Commentary and correspondence about the British Library's disposal
of foreign newspapers, Times Literary Supplement (20002001).
H. R. Woudhuysen, "Vandals of Colindale: Why the British
Library is Discarding Newspapers," 18 Aug. 2000, 14-15; Howard
Cooke, "The British Library," 25 Aug. 2000, 17; Alan Shelston,
"Libraries and the Disposal of Books," 8 Sept. 2000, 17; Martin
Dewhirst, "Libraries and the Disposal of Books," 8 Sept. 2000, 17;
David Pearson, "Libraries and the Disposal of Books," 8 Sept.
2000, 17; Lynne Brindley, "Pulp Fiction about the BL," 17 Nov.
2000, 15; G. Thomas Tanselle, "Not the Real Thing," 24 Aug.
2001, 14; Lynne Brindley, "The British Library's Newspapers,"

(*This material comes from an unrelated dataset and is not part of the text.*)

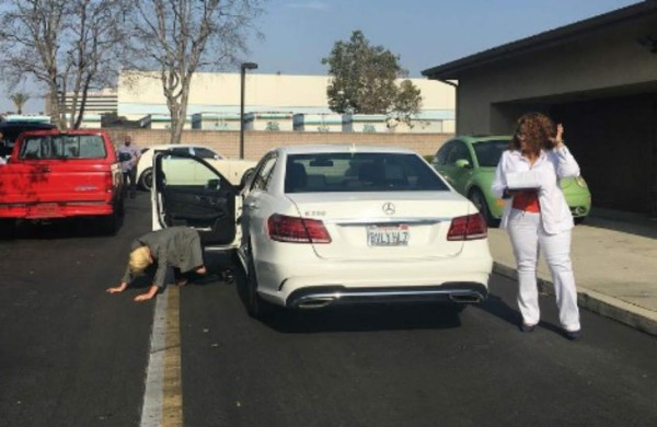 Esta sucesión de imágenes a la que se vieron expuestos sus admiradores culminó con una tercera foto, tras su deseado aprobado, donde se deja ver arrodillada ante el vehículo como si de un acto litúrgico se tratara.

31 Aug. 2001, 15; Paul Banks, "The British Library and Access
to the Past," 7 Sept. 2001, 17; G. Thomas Tanselle, "The British
Library," 14 Sept. 2001, 17; Lynne Brindley, "The British Library,"
14 Sept. 2001, 17.


The very recognition that books are perhaps our most common artifacts
from the past has created a problem, one that passenger pigeons also faced.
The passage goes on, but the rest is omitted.